One of the best things about aquascaping is the ability to put almost literally whatever you want in the aquarium. This includes common additions like plants and wood, but sometimes, it can also include rocks and crystals like lava rock, amethyst, and quartz.
Quartz, in particular, is a pretty popular addition to any aquarium for those who want to see crystals in their tank. For one, it’s very beautiful to look at — perfect for tanks that are meant to be part of a room’s decor. Plus, unlike some other types of crystals, quartz is inert, which makes it completely safe for all your plants and animals.
In this article, we’ll discuss quartz in aquarium in more detail, as well as crystals and rocks in general.
Is quartz safe for aquariums?
If you’re searching for rocks to put inside your aquarium, the most important step is to figure out if they’re safe for your aquarium or not. There are many stones that may have some minerals or other inclusions that can potentially harm your precious pets.
Quartz, luckily, is a hard stone that’s safe for aquariums. It’s completely inert, which means that no matter how many quartz pieces you put into your aquarium, it won’t change the parameters of your water. This is very important for aquarists who want to make sure that their water parameters are exactly what they want them to be.
That said, not all stones are like quartz. Some stones simply can’t be added due to their mineral content or makeup. We’ll talk more about these in the sections below.
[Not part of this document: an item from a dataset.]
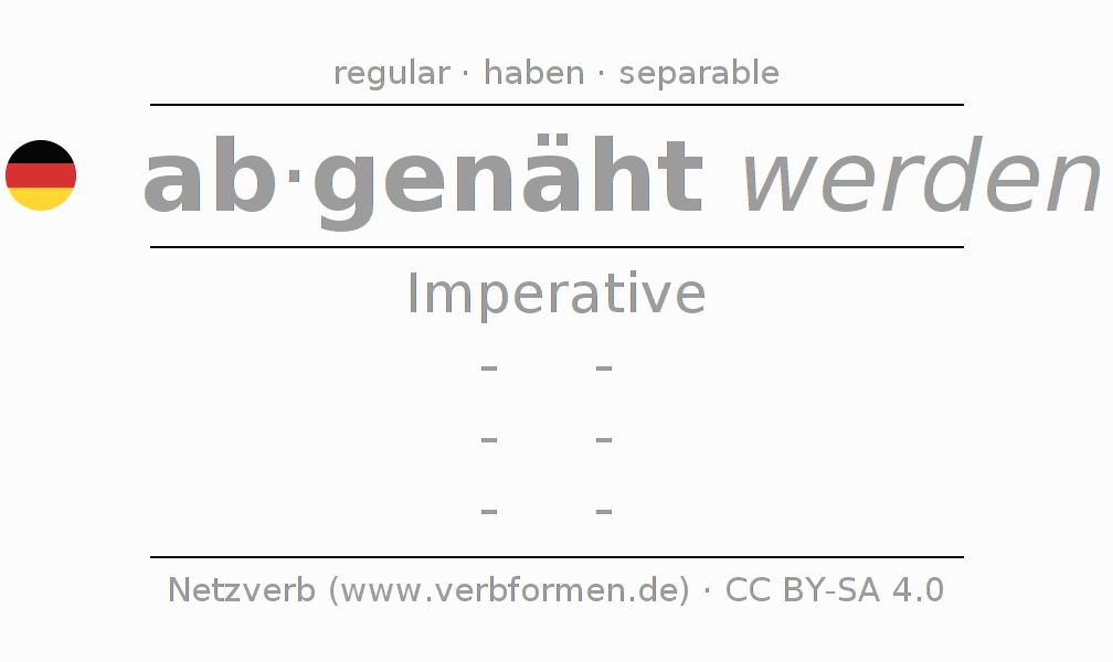 The conjugation of abnähen in Imperative Present Imperative Passive is -, -, -, -.The conjugation corresponds to certain grammatical rules. Likewise the requirements for the conjugation of the simple verb forms of abnähen in Imperative. Comments ☆

Can you put any stones in a fish tank?
Evidently, it’s possible to put stones in a fish tank.
However, it’s important to determine first where your stones are coming from and how they’re going to affect your aquarium, if ever.
Polished stones, in particular, are something you should be wary about. Although they look very pretty, not all of them are aquarium-safe. The exact method used for the polish depends on the manufacturer.
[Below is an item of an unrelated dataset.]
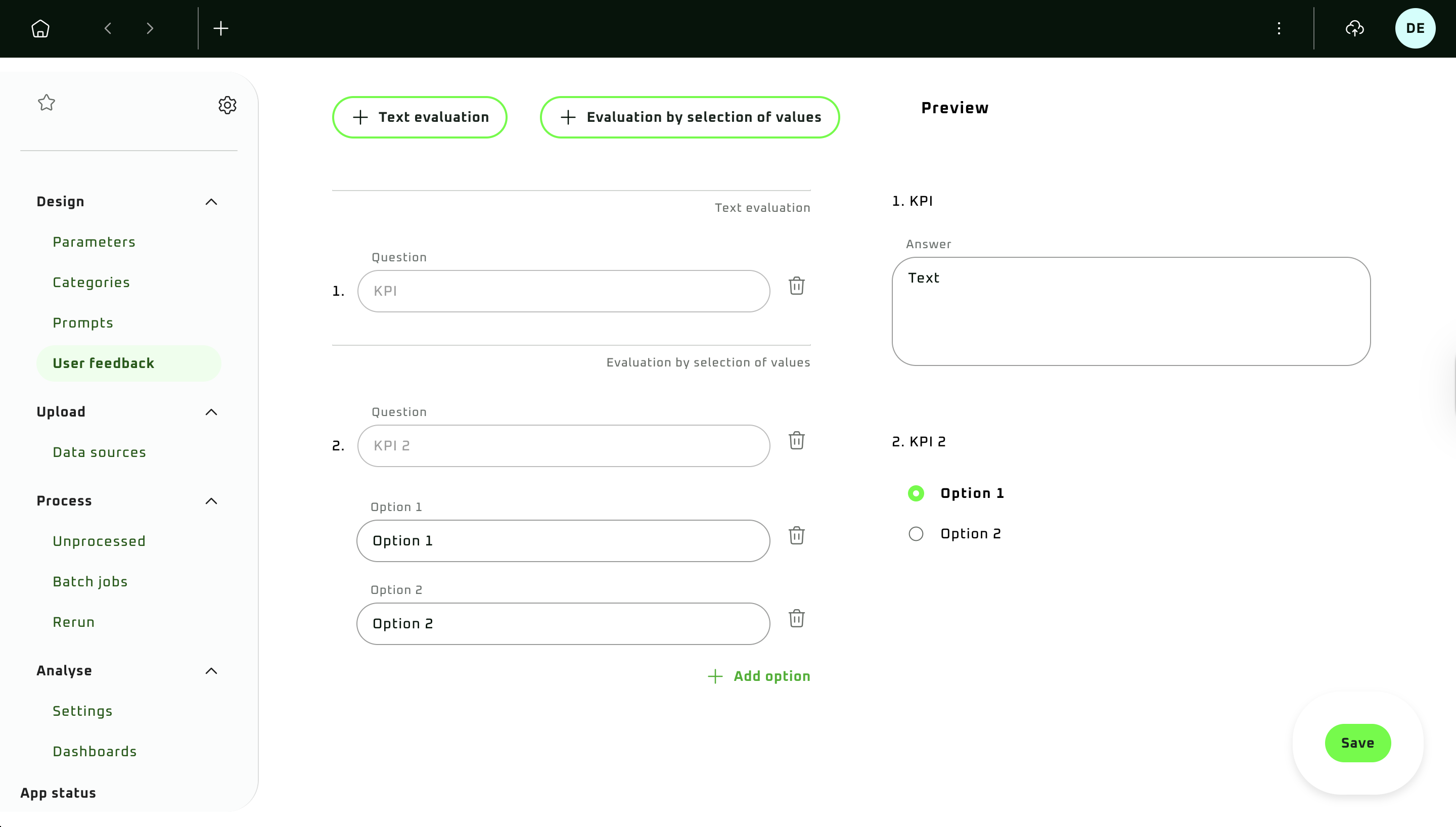 This module is for noting individual audio records or texts in the player for the dashboards users. You can configure the questions in the Evaluate button.

Some manufacturers simply use a machine to polish the stone, but others use lacquer. This is extremely dangerous. If you add a stone that has lacquer in your tank, it can poison your water, essentially poisoning your fish and other living things in your tank.
The easiest way to know if the stone has lacquer is to use a small, sharp tool to scrape off pieces of the stone. If there’s a thin, usually clear piece that comes off, it’s likely lacquer which means you shouldn’t use that stone in your aquarium.
Don’t be too complacent, though. Even if your stone was polished in a traditional way, as in via a machine, you should still ensure that it’s completely safe before putting it in your tank. This can be done by boiling the stones for a quarter-hour before adding them to the aquarium.
Do rocks raise pH?
Rocks can certainly raise pH. In fact, most rocks do, especially the ones with a rough surface.
All rocks contain minerals to some extent. Rough stones, however, release more of this in the water since they have tiny spaces where water can pass through. If a stone is in moving water for a long time, it will eventually remove all the trace contents in the stone. The continuous movement of water on the stone will also smoothen it out — the main reason why river stones are typically smooth.
Can you put crystals in a fish tank?
You can certainly put crystals in your fish tank, provided that they’re aquarium safe.
How do you know if rocks are aquarium-safe?
There are many methods that you can use to see if a rock is aquarium-safe. Usually, the term ‘aquarium-safe’ refers to rocks that will not change your parameters.
One easy method is by scratching the rock with something sharp like a nail. If it’s hard or downright impossible, that means it’s likely a silicate, which means it’s safe for your aquarium. Carbonates or rocks that have carbonates, like shells, marble, and limestone, are the unsafe variety.
You can also try using vinegar on the rock. Just a few drops will do. If the rock bubbles when you pour vinegar on it, that means it will raise your water’s pH and is likely not aquarium-safe.
If it doesn’t bubble, that doesn’t mean it’s in the clear. The next method is by using muriatic acid in the same way. Since it’s stronger than vinegar, this test is actually more accurate if you use muriatic acid. The only reason why it’s not recommended right away is that muriatic acid is a dangerous liquid that can potentially harm your skin.
One surefire method is to leave the rocks in a bucket of water whose parameters you already checked beforehand. In a few days, check the parameters again. If they change, that means the rocks aren’t aquarium safe.
What rocks are not safe for aquariums?
Many rocks and crystals are actually not safe for aquariums.
Stones that contain a lot of aluminum such as ruby, sapphire, and emerald are not safe. Those with asbestos and sulfur like malachite, brimstone, and lapiz lazuli are also not safe. Other unsafe stones include coal, dolomite, and even limestone.